Niemiecki Trybunał Konstytucyjny w Karlsruhe poprosił niedawno ECB, by w ciągu trzech miesięcy wyjaśnił szerzej niż w swoich standardowych publikacjach cele i skalę programu QE, który uruchomił w 2015 r. Szkoda, że tak się stało, ponieważ może to podważać wiarygodność ECB. Warto jednak zastanowić się, czy o wyjaśnienie, o jakie prosi Trybunał w Karlsruhe, jest dzisiaj łatwo.
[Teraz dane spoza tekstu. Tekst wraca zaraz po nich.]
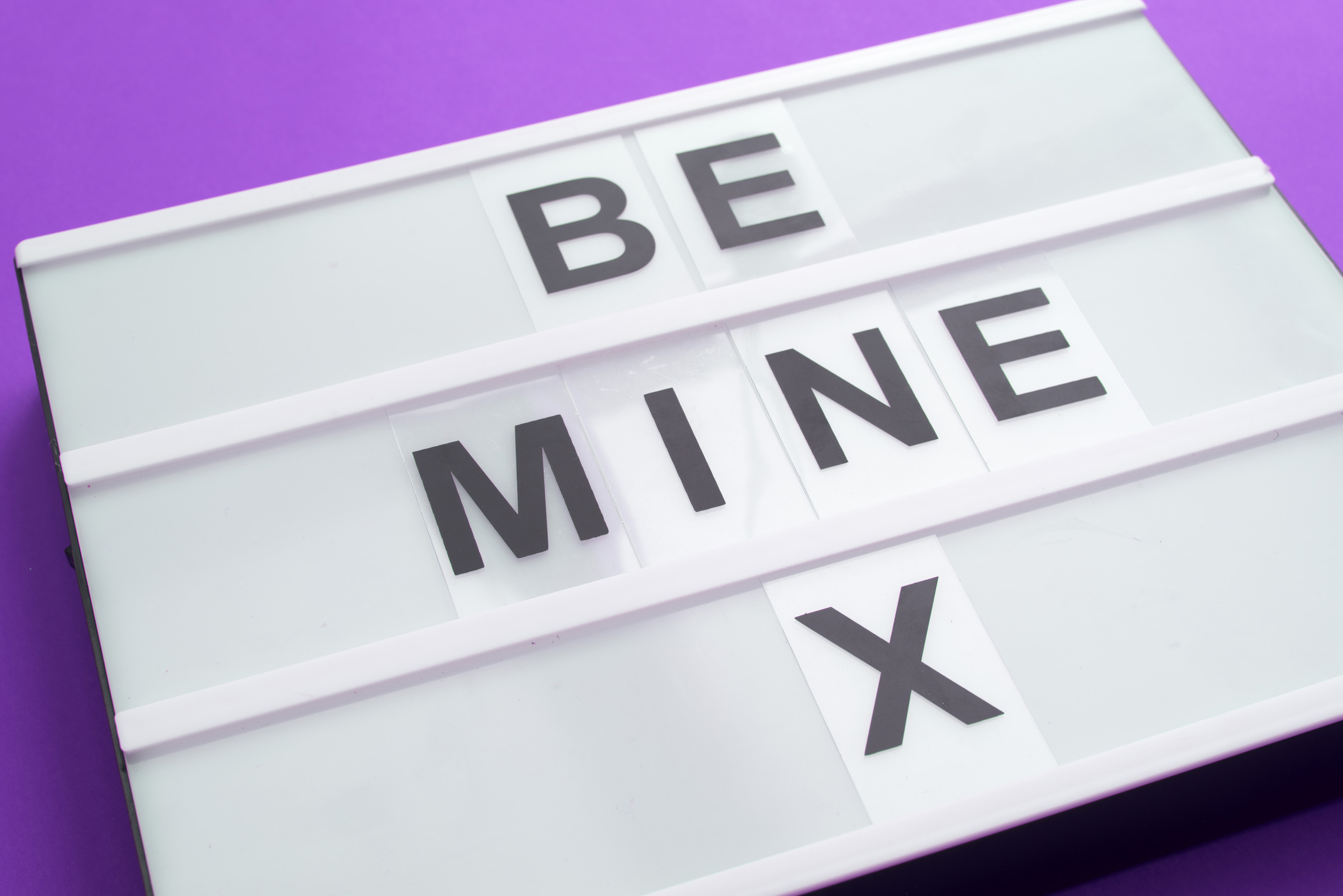 Close-up of white lightbox with BE MINE X message of black changeable letters over purple background

Na początku przypomnijmy, że Niemcy od samego początku obawiali się, że integracja monetarna w Europie może utrudniać stosowanie ich podejścia do prowadzenia polityki pieniężnej. Już w czasie funkcjonowania EMS (europejskiego systemu kursów stałych) Otmar Emminger, ówczesny prezes Bundesbanku, wyrażał obawy, że zbyt duże interwencje w obronie kursów walut mogą rodzić ryzyko inflacji. W 1992 r. Bank Anglii przestał bronić kursu funta, głównie na prośbę Bundesbanku, który obawiał się, że zbyt wiele marek sprzedawanych przez Bank Anglii, trafi do niemieckich banków, co mogło rodzić presję inflacyjną.
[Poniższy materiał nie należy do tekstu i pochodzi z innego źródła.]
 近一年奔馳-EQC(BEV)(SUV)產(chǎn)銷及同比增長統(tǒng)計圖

Kontrowersje wokół QE w ECB
Znamienne były przyczyny silnego spadku cen obligacji w wielu krajach strefy euro w latach 2010–2012, w tym obligacji rządów Irlandii i Hiszpanii. Jeśli w latach 1999–2008 oba kraje znacząco zmniejszyły relację długu publicznego do PKB, to trudno uwierzyć, że spadek cen hiszpańskich i irlandzkich obligacji był pokłosiem nieodpowiedzialnej polityki fiskalnej obu krajów, jak twierdziły zamożne państwa strefy euro. Rzeczywistym powodem było zaniepokojenie rynków, że ECB – w przeciwieństwie do Fedu i Banku Anglii – nie rozpoczął programu QE już w 2009 r.
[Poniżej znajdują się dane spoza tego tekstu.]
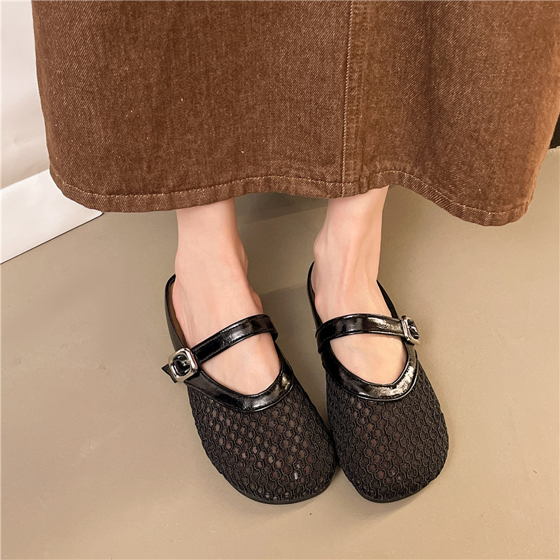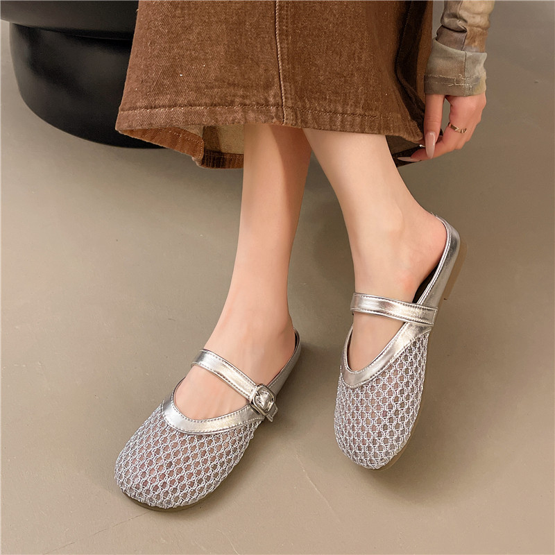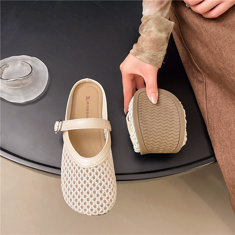 大码女鞋41到43镂空透气编织包头半拖鞋夏季网面玛丽珍凉拖鞋软底

Jak pamiętamy, sytuację uratowała zapowiedź Mario Draghiego w 2012 r., że w razie potrzeby ECB uruchomi jednak masowy skup obligacji. W 2013 r. Trybunał w Karlsruhe zapytał Europejski Trybunał Sprawiedliwości (ETS), czy takie interwencje na rynku obligacji skarbowych byłyby instrumentem polityki pieniężnej czy też może także fiskalnej. Wtedy jednak jeszcze pogodził się ze stanowiskiem ETS, że byłby to instrument polityki pieniężnej.
Dzisiejsze wątpliwości Trybunału z Karlsruhe wobec polityki pieniężnej ECB biorą się zapewne głównie stąd, że ECB długo kontynuował rozpoczęty w marcu 2015 r. program QE – także wtedy gdy ożywienie w gospodarkach strefy euro było już całkiem silne. Przyznajmy, że i w USA część ekonomistów wyrażała wątpliwości, czy kontynuowanie QE długo po zakończeniu recesji było uzasadnione.